▶ _Task objective_
For this exercise, write out only the lines of the entries below from the one with "Сборникъ Русскаго историческаго" up to and including the one with "The Georgia Tech", exactly as they are. Pictures stay out.

▶ _Supplied material_

----------

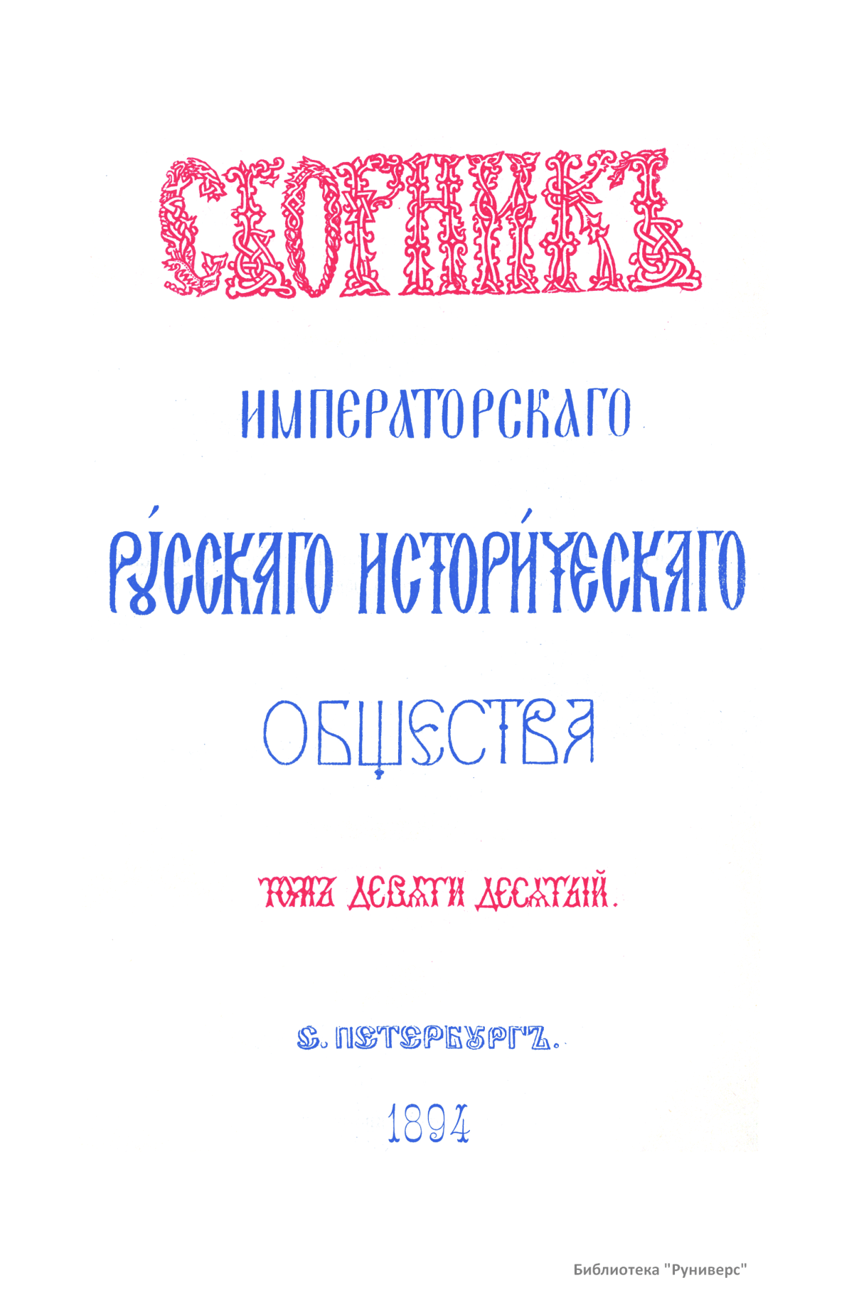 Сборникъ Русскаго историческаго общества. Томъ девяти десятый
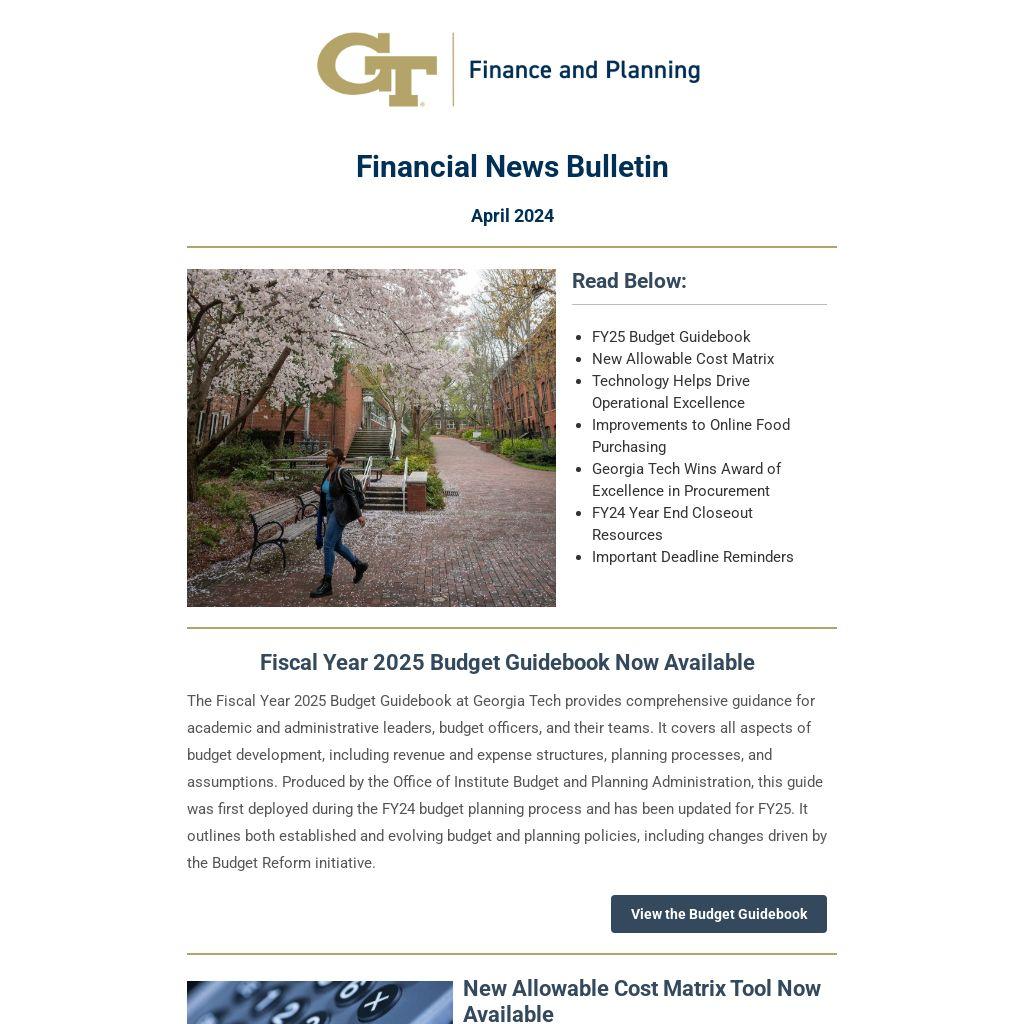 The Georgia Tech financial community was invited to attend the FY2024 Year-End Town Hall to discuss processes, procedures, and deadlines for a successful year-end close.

----------

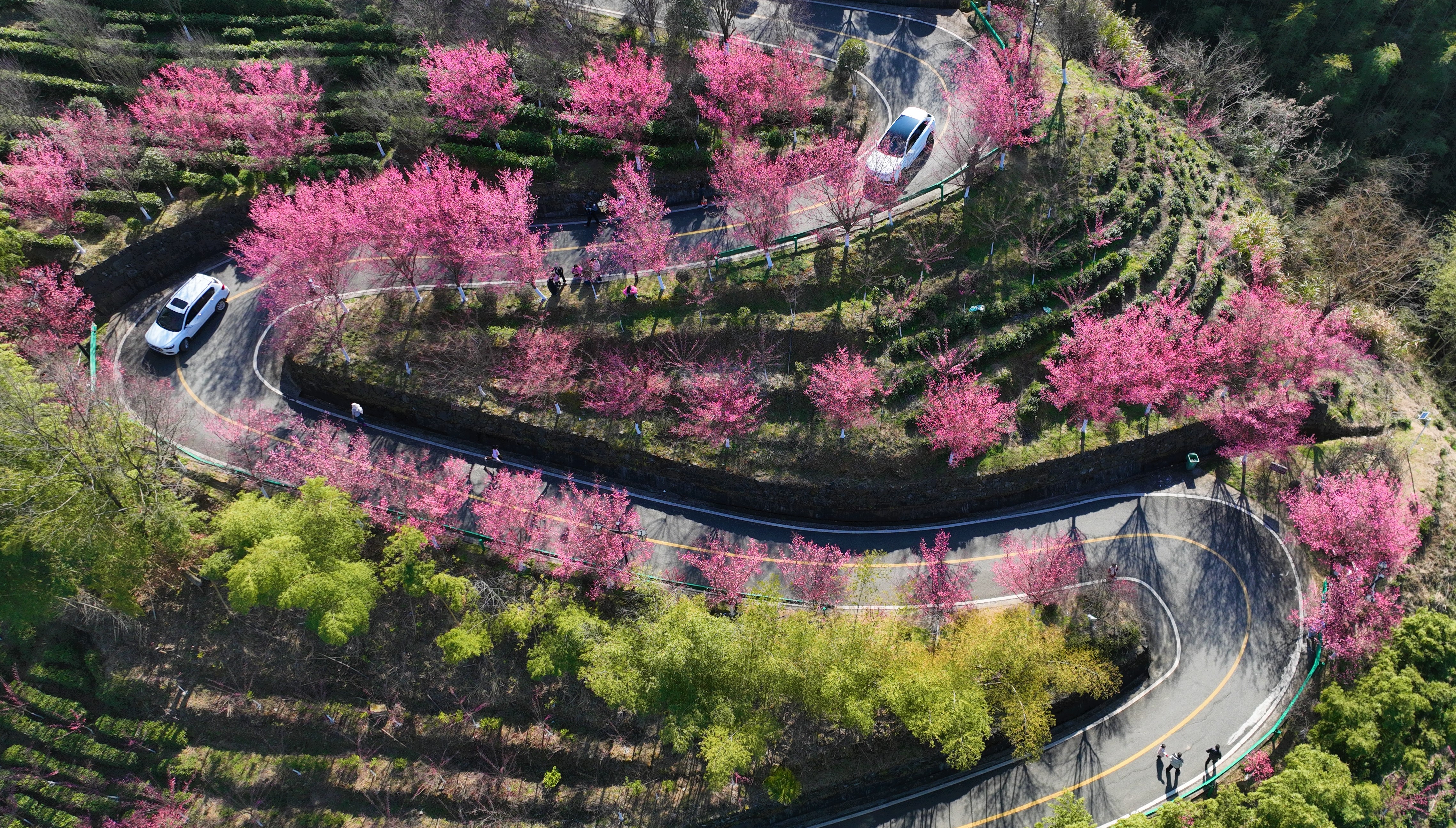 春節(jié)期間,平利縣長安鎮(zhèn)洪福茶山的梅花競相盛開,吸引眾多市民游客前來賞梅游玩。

----------

▶ _Completed exercise_
 Сборникъ Русскаго историческаго общества. Томъ девяти десятый
 The Georgia Tech financial community was invited to attend the FY2024 Year-End Town Hall to discuss processes, procedures, and deadlines for a successful year-end close.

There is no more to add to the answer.